Unsloth (Recommended)

We strongly recommend Unsloth for quantization and deployment.

NVIDIA ModelOpt

NVIDIA ModelOpt provides advanced quantization optimized for NVIDIA hardware.

Quick Start

# Install ModelOpt
pip install nvidia-modelopt

# Quantize and export
python examples/usage/modelopt_quantize_and_export.py quantize \
    --model-path TinyLlama/TinyLlama-1.1B-Chat-v1.0 \
    --export-dir ./quantized_tinyllama_fp8 \
    --quantization-method modelopt_fp8

# Deploy
python -m sglang.launch_server \
    --model-path ./quantized_tinyllama_fp8 \
    --quantization modelopt \
    --port 30000

Available Methods

FP8

modelopt_fp8 - Optimal on NVIDIA Hopper and Blackwell GPUs

FP4

modelopt_fp4 - Optimal on NVIDIA Blackwell GPUs

Python API

import sglang as sgl
from sglang.srt.configs.device_config import DeviceConfig
from sglang.srt.configs.load_config import LoadConfig
from sglang.srt.configs.model_config import ModelConfig
from sglang.srt.model_loader.loader import get_model_loader

# Configure model with quantization
model_config = ModelConfig(
    model_path="TinyLlama/TinyLlama-1.1B-Chat-v1.0",
    quantization="modelopt_fp8",
    trust_remote_code=True,
)

load_config = LoadConfig(
    modelopt_export_path="./exported_model",
    modelopt_checkpoint_save_path="./checkpoint.pth",  # Optional
)

device_config = DeviceConfig(device="cuda")

# Load and quantize
model_loader = get_model_loader(load_config, model_config)
quantized_model = model_loader.load_model(
    model_config=model_config,
    device_config=device_config,
)

Pre-Quantized Models

Load existing pre-quantized ModelOpt models:

# FP8 model
python -m sglang.launch_server \
    --model-path nvidia/Llama-3.1-8B-Instruct-FP8 \
    --quantization modelopt_fp8

# FP4 model
python -m sglang.launch_server \
    --model-path nvidia/Llama-3.3-70B-Instruct-NVFP4 \
    --quantization modelopt_fp4

auto-round

Supports multiple quantization formats and both LLMs and VLMs.

pip install auto-round

LLM Quantization

from auto_round import AutoRound

model_id = "meta-llama/Llama-3.2-1B-Instruct"
quant_path = "Llama-3.2-1B-Instruct-autoround-4bit"

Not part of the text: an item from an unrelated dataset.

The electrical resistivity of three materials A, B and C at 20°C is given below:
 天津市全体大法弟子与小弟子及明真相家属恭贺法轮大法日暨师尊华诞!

# Schemes: W2A16, W3A16, W4A16, W8A16, NVFP4, MXFP4, GGUF:Q4_K_M, etc.
scheme = "W4A16"
format = "auto_round"

autoround = AutoRound(model_id, scheme=scheme)
autoround.quantize_and_save(quant_path, format=format)

VLM Quantization

from auto_round import AutoRoundMLLM

model_name = "Qwen/Qwen2-VL-2B-Instruct"
quant_path = "Qwen2-VL-2B-Instruct-autoround-4bit"

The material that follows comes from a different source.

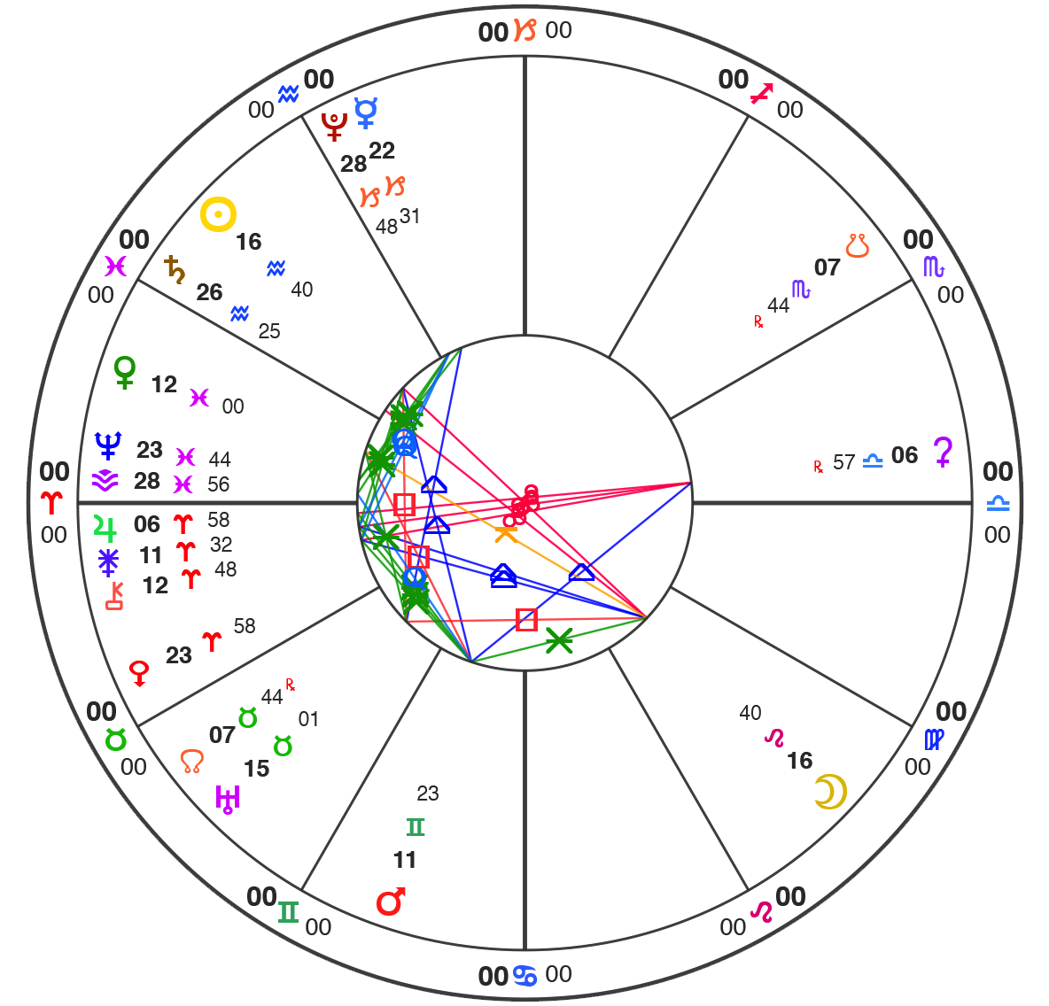 All charts here are using Natural House system: i.e. the Ascendant is always at 0˚ of Aries.

autoround = AutoRoundMLLM(model_name, scheme="W4A16")
autoround.quantize_and_save(quant_path, format="auto_round")

Command Line

auto-round \
    --model meta-llama/Llama-3.2-1B-Instruct \
    --bits 4 \
    --group_size 128 \
    --format "auto_round" \
    --output_dir ./tmp_autoround

GPTQModel

pip install gptqmodel --no-build-isolation -v

from datasets import load_dataset
from gptqmodel import GPTQModel, QuantizeConfig

model_id = "meta-llama/Llama-3.2-1B-Instruct"
quant_path = "Llama-3.2-1B-Instruct-gptqmodel-4bit"

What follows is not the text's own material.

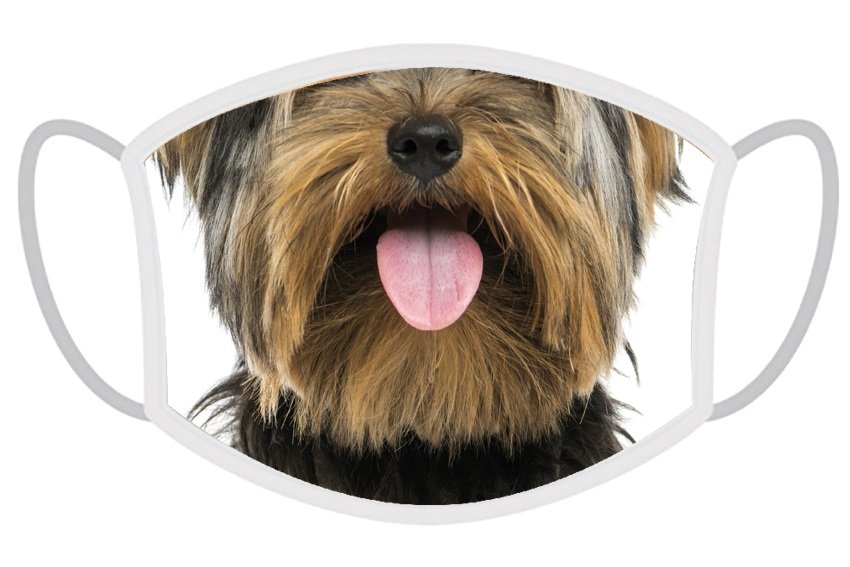 Masque de protection par sublimation avec motif de chien Yorkshire terrier.

# Load calibration dataset
calibration_dataset = load_dataset(
    "allenai/c4",
    data_files="en/c4-train.00001-of-01024.json.gz",
    split="train"
).select(range(1024))["text"]

# Configure and quantize
quant_config = QuantizeConfig(bits=4, group_size=128)
model = GPTQModel.load(model_id, quant_config)
model.quantize(calibration_dataset, batch_size=2)
model.save(quant_path)

LLM Compressor

From the vLLM project, supports FP8 and other formats.

pip install llmcompressor

from transformers import AutoTokenizer
from llmcompressor.transformers import SparseAutoModelForCausalLM, oneshot
from llmcompressor.modifiers.quantization import QuantizationModifier

MODEL_ID = "meta-llama/Meta-Llama-3-8B-Instruct"

# Load model
model = SparseAutoModelForCausalLM.from_pretrained(
    MODEL_ID, device_map="auto", torch_dtype="auto"
)
tokenizer = AutoTokenizer.from_pretrained(MODEL_ID)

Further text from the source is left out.